╭─ PROVIDED DATA

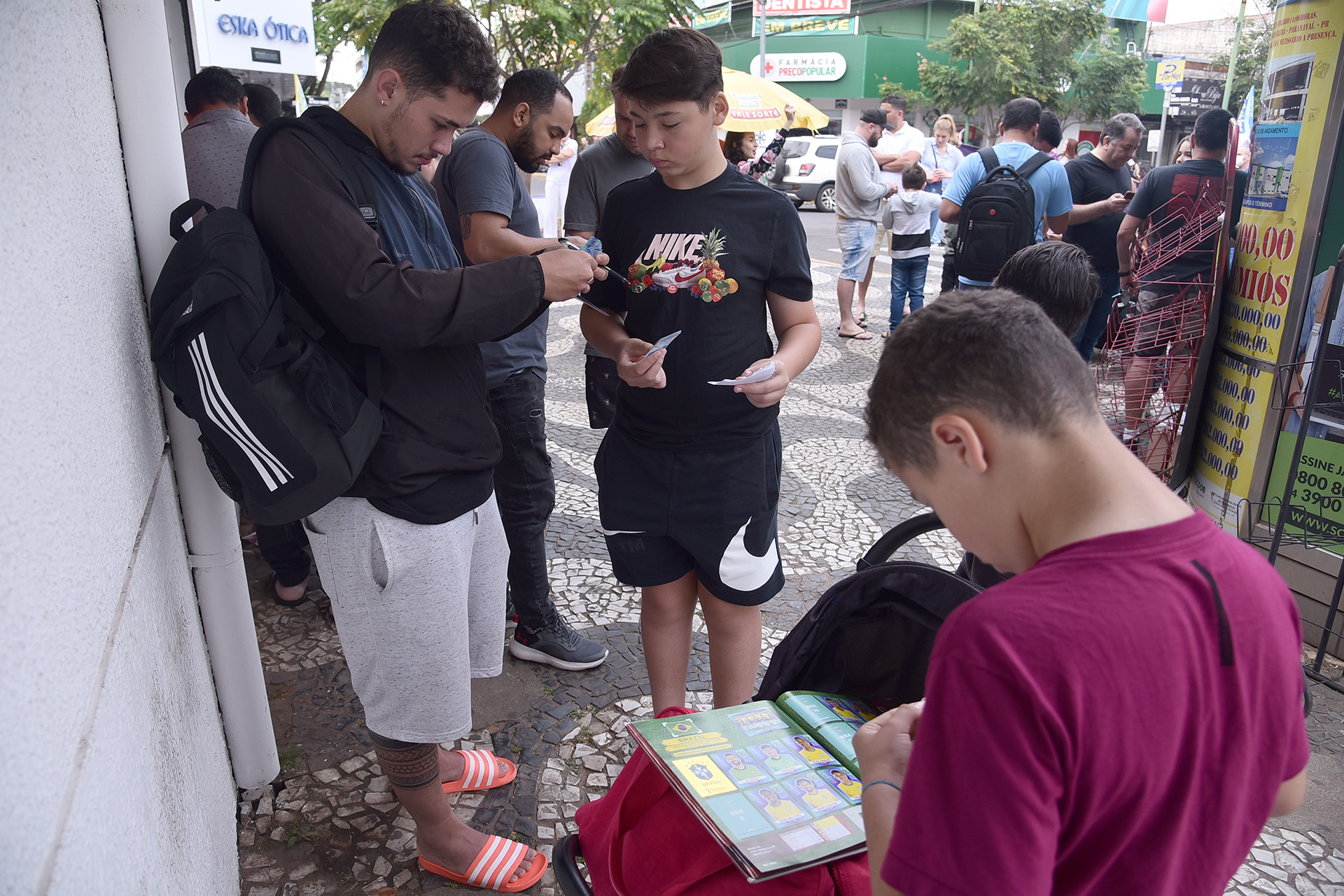Desde agosto, quando as figurinhas chegaram, os sábados e domingos pela manhã são destinados à troca de figurinhas e compartilhamento de histórias. Marcos Magalhães é empresário e pode ser considerado um dos mais experientes nesse jogo.
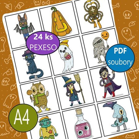 🎃 Autorské Halloween pexeso – 24 obrázků 👻
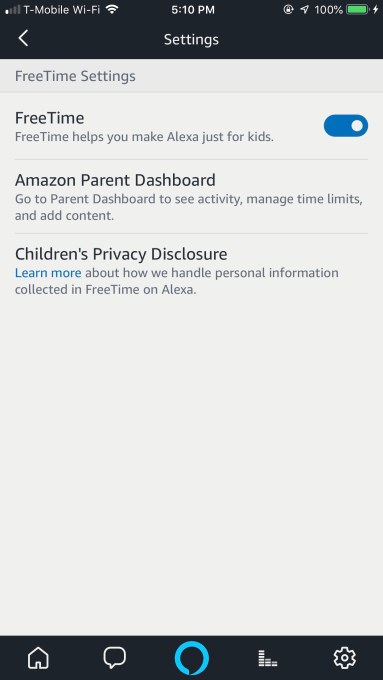 You can disable the explicit filter from the Parent Dashboard, but this option is inconveniently available just via the web. When you dig around in the Alexa app – which is where you’d think these controls would be found, there’s only a FreeTime On/Off toggle switch and instructions to “Go to the Parent Dashboard to see activity, manage time limits, and add content.”

╰─

• _WHAT NEEDS TO BE DONE_
Could you write out verbatim only those lines that run from the line containing "24 obrázků 👻" through the end of the listing above, both included, without the pictures?

• _ANSWER TO THE EXERCISE_
 🎃 Autorské Halloween pexeso – 24 obrázků 👻
 You can disable the explicit filter from the Parent Dashboard, but this option is inconveniently available just via the web. When you dig around in the Alexa app – which is where you’d think these controls would be found, there’s only a FreeTime On/Off toggle switch and instructions to “Go to the Parent Dashboard to see activity, manage time limits, and add content.”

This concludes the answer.